- DATASET EXCERPTS -
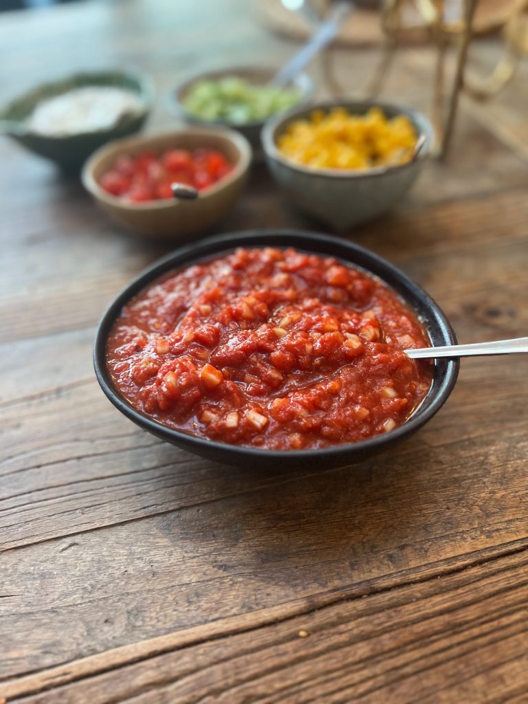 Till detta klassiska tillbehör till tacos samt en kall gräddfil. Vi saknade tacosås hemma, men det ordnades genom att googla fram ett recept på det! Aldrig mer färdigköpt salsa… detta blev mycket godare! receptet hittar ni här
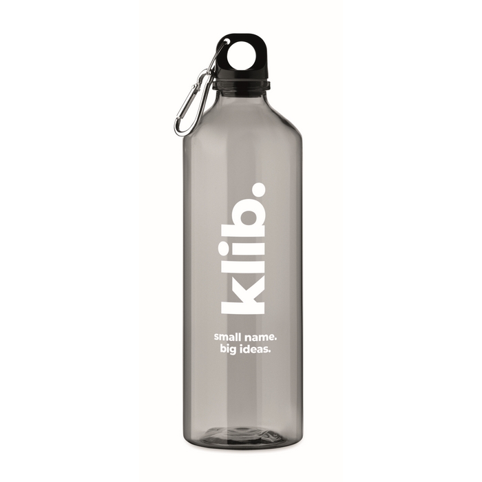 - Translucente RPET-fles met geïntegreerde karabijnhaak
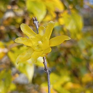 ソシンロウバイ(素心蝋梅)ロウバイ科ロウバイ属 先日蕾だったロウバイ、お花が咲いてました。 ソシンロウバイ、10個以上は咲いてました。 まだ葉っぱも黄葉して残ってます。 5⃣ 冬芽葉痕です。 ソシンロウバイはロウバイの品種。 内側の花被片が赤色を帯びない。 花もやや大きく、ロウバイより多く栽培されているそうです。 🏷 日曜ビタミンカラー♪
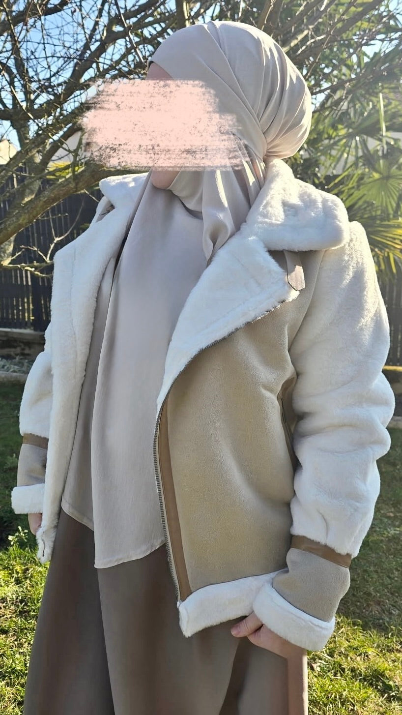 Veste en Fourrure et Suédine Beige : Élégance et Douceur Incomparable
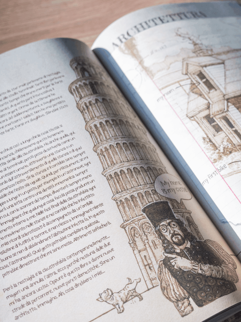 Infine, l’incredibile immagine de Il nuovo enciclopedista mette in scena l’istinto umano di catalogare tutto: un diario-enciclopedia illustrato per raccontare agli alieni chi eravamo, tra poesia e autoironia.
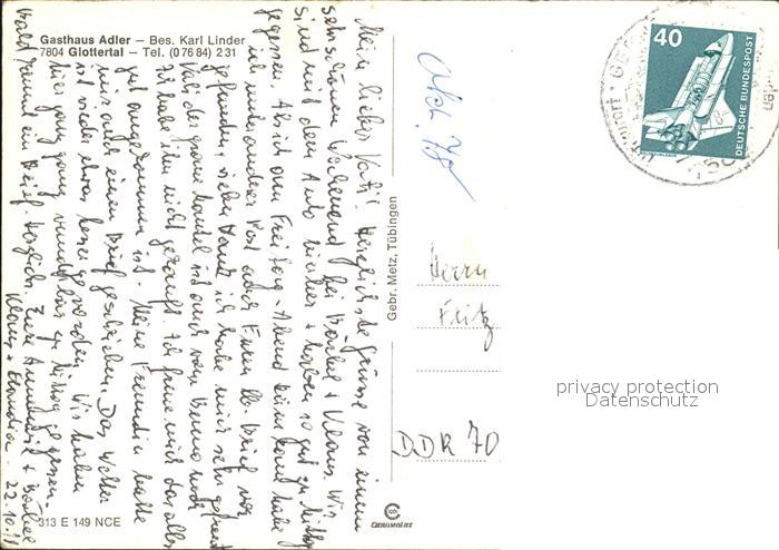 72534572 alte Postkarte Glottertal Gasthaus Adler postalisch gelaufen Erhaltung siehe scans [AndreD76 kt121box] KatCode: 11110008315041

- ABOUT THIS EXERCISE -
All lines above starting at the one with "- Translucente RPET-fles" and ending at the one with "Infine, l’incredibile immagine", inclusive, are to be printed again exactly, with the pictures left out.

- COMPLETED EXERCISE -
 - Translucente RPET-fles met geïntegreerde karabijnhaak
 ソシンロウバイ(素心蝋梅)ロウバイ科ロウバイ属 先日蕾だったロウバイ、お花が咲いてました。 ソシンロウバイ、10個以上は咲いてました。 まだ葉っぱも黄葉して残ってます。 5⃣ 冬芽葉痕です。 ソシンロウバイはロウバイの品種。 内側の花被片が赤色を帯びない。 花もやや大きく、ロウバイより多く栽培されているそうです。 🏷 日曜ビタミンカラー♪
 Veste en Fourrure et Suédine Beige : Élégance et Douceur Incomparable
 Infine, l’incredibile immagine de Il nuovo enciclopedista mette in scena l’istinto umano di catalogare tutto: un diario-enciclopedia illustrato per raccontare agli alieni chi eravamo, tra poesia e autoironia.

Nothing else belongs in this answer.